Blow molding is a common method for processing polypropylene resin, and light, sound and heat insulation pipes can be prepared by foaming in the blow molding process, and the method is used in the fields of automobile warm air pipes and the like. When the foaming polypropylene material is prepared by adopting a blow molding process, the polypropylene material is required to have good anti-sagging performance, for example, chinese patent CN108641194A discloses a hollow blow molding micro-foaming tool box material, and the effect that the anti-sagging performance is good and the melt is not broken during the optimized regulation and control of the wall thickness can be achieved by adopting a high melt index and low melt index hybrid compound elastomer as a regulator.
However, in the blow molding process, a large amount of leftover materials are generated in the subsequent cutting process, and the performance of re-blowing and foaming of the leftover materials is poor at present, and the leftover materials are usually recycled for other treatments, so that the raw material utilization rate of the foamed polypropylene composite material is low. Therefore, in order to further increase the raw material utilization of the foamed polypropylene composite, it is desirable to provide a polypropylene composite that can be repeatedly foamed.
Disclosure of Invention
The invention aims to provide a repeatable foaming polypropylene composite material in order to improve the raw material utilization rate of the foaming polypropylene composite material. The invention adopts the matching of the branched polypropylene with high melt strength and the linear polypropylene with low melt index as a matrix, has good blowing plasticity, higher melt strength and better foaming performance, improves an antioxidant system, and adds Epoxy resin (EP for short) as an antioxidant synergist, thereby improving the thermal stability of polypropylene, reducing processing degradation and enabling the polypropylene composite material to be subjected to repeated blowing processing.
It is another object of the present invention to provide a method for preparing the re-foamable polypropylene composite.
Another object of the present invention is to provide the use of the re-foamable polypropylene composite material for the preparation of automotive parts, construction waterproof tubing, medical devices or electronic products.
In order to achieve the above purpose, the invention adopts the following technical scheme:
A re-foamable polypropylene composite comprising the following components in parts by weight:
The polypropylene resin consists of low melt index linear polypropylene with the melt mass flow rate of 0.3-1.3 g/10min and high melt strength branched polypropylene with the melt strength of 36-60 cN, wherein the test condition of the melt mass flow rate is 230 ℃ and 2.16kg, and the test condition of the melt strength is 190 ℃; the antioxidant synergist is epoxy resin.

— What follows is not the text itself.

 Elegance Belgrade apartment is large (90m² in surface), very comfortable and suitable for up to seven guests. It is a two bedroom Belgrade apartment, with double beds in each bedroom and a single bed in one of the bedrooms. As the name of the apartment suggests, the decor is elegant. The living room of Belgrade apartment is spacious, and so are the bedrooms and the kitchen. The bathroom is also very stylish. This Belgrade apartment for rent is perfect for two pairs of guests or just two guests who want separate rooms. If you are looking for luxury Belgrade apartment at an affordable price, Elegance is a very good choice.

In the invention, the melt mass flow rate of polypropylene is obtained by testing by a method described in a reference standard GB/T3682.1-2018; the melt strength of polypropylene is obtained by testing with a melt strength measuring instrument.
The invention adopts the branched polypropylene with high melt strength and the linear polypropylene with low melt strength as the matrix, has good blowing plasticity, higher melt strength and better foaming performance, improves an antioxidant system, and can improve the heat stability of the polypropylene, reduce processing degradation, ensure that the polypropylene composite material can be repeatedly blown and processed, and still has good foaming performance after repeated processing for a plurality of times. The epoxy groups in the epoxy resin can cooperate with the antioxidant to reduce the activity of free radicals in the polypropylene chain segments and slow down the degradation of polypropylene.

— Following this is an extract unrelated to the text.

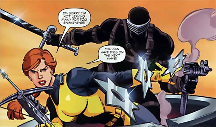 Snake Eyes memiliki hubungan spesial dengan Scarlett, satu-satunya anggota perempuan dalam tim G.I. Joe. Ninja berkostum serba hitam ini terkadang menyelesaikan tugas solo dengan hewan peliharaannya, serigala, Timber.

Preferably, the epoxy resin has an epoxy value of 0.1 to 0.2mol/100g, which is tested with reference to the hydrochloric acid-acetone method described in standard GB/T1677-2008. The increase of the epoxy value in the epoxy resin can gradually improve the thermal stability and the repeated processability of the obtained polypropylene composite material, but when the epoxy value is increased to a certain amount, the compatibility of the epoxy group with stronger polarity in the epoxy resin and the nonpolar polypropylene is poor, the dispersibility of the epoxy resin in the polypropylene material is poor, the melt strength of the polypropylene material is further reduced in the blowing process, and the condition of film breakage occurs.
Preferably, the epoxy resin is at least one of bisphenol a type epoxy resin, bisphenol F type epoxy resin, polyphenol type glycidyl ether epoxy resin, aliphatic glycidyl ether epoxy resin, or glycidyl ester type epoxy resin, and more preferably bisphenol a type epoxy resin.

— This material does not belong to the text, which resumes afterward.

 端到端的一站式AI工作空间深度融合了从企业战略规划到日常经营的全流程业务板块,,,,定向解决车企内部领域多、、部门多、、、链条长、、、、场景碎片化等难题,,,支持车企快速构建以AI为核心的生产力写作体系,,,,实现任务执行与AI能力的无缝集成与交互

Preferably, the weight ratio of the low melt index linear polypropylene to the high melt strength branched polypropylene is (0.8-3): 1. the linear polypropylene with low melt index has a too high ratio, the strain hardening phenomenon of the material is weakened, the cells are easy to break, the stability and the growth of the cells are not facilitated, and the foaming is difficult; the low melt index polypropylene has a too low ratio, and has better fluidity, but the melt strength is reduced in the blowing process, and the thinner part of the film is easy to break in the blowing process, so that the complete thinner film cannot be prepared.
Preferably, the antioxidant comprises a primary antioxidant and a secondary antioxidant, and the primary antioxidant is at least one of an amine antioxidant or a phenol antioxidant; the auxiliary antioxidant is at least one of phosphite antioxidant or thioester antioxidant.
Preferably, the weight ratio of the main antioxidant to the auxiliary antioxidant is (1-1.5): 1.
Conventional blowing agents may be used in the present invention including, but not limited to, at least one of sodium bicarbonate, azodicarbonamide, or azodiisobutyronitrile.
Other additives, such as antimicrobial agents, may also be added as desired. The antibacterial agent is an inorganic salt compound containing silver ions, and the inorganic salt antibacterial agent can also be used as heterogeneous nucleation points of cells to promote foaming of the polypropylene material.
The preparation method of the repeatedly foamable polypropylene composite material comprises the following steps:
uniformly mixing polypropylene resin, an antioxidant synergist and other additives, then carrying out melt extrusion at 80-220 ℃, and then adding a foaming agent and uniformly mixing to obtain the modified polypropylene resin.
Preferably, the mixing is performed in a high speed mixer.
Preferably, the melt extrusion is performed in a twin screw extruder, the temperatures of the zones in the twin screw extruder being respectively: the first area temperature is 80-120 ℃, the second area temperature is 180-200 ℃, the third area temperature is 180-220 ℃, the fourth area temperature is 180-220 ℃, the fifth area temperature is 180-220 ℃, the sixth area temperature is 180-220 ℃, the seventh area temperature is 180-220 ℃, the eighth area temperature is 180-220 ℃, and the ninth area temperature is 180-220 ℃; the length-diameter ratio of the screw of the double-screw extruder is 40:1; the rotating speed of the double-screw extruder is 400-450 r/min.
The application of the repeatedly foamable polypropylene composite material in preparing automobile parts, building waterproof pipes, medical appliances or electronic products is also within the protection scope of the invention. Preferably, the re-foamable polypropylene composite material is used for the preparation of automotive air conditioning ventilation ducts, roof ventilation ducts, instrument panel ventilation ducts, defrost ducts or underbody ventilation ducts.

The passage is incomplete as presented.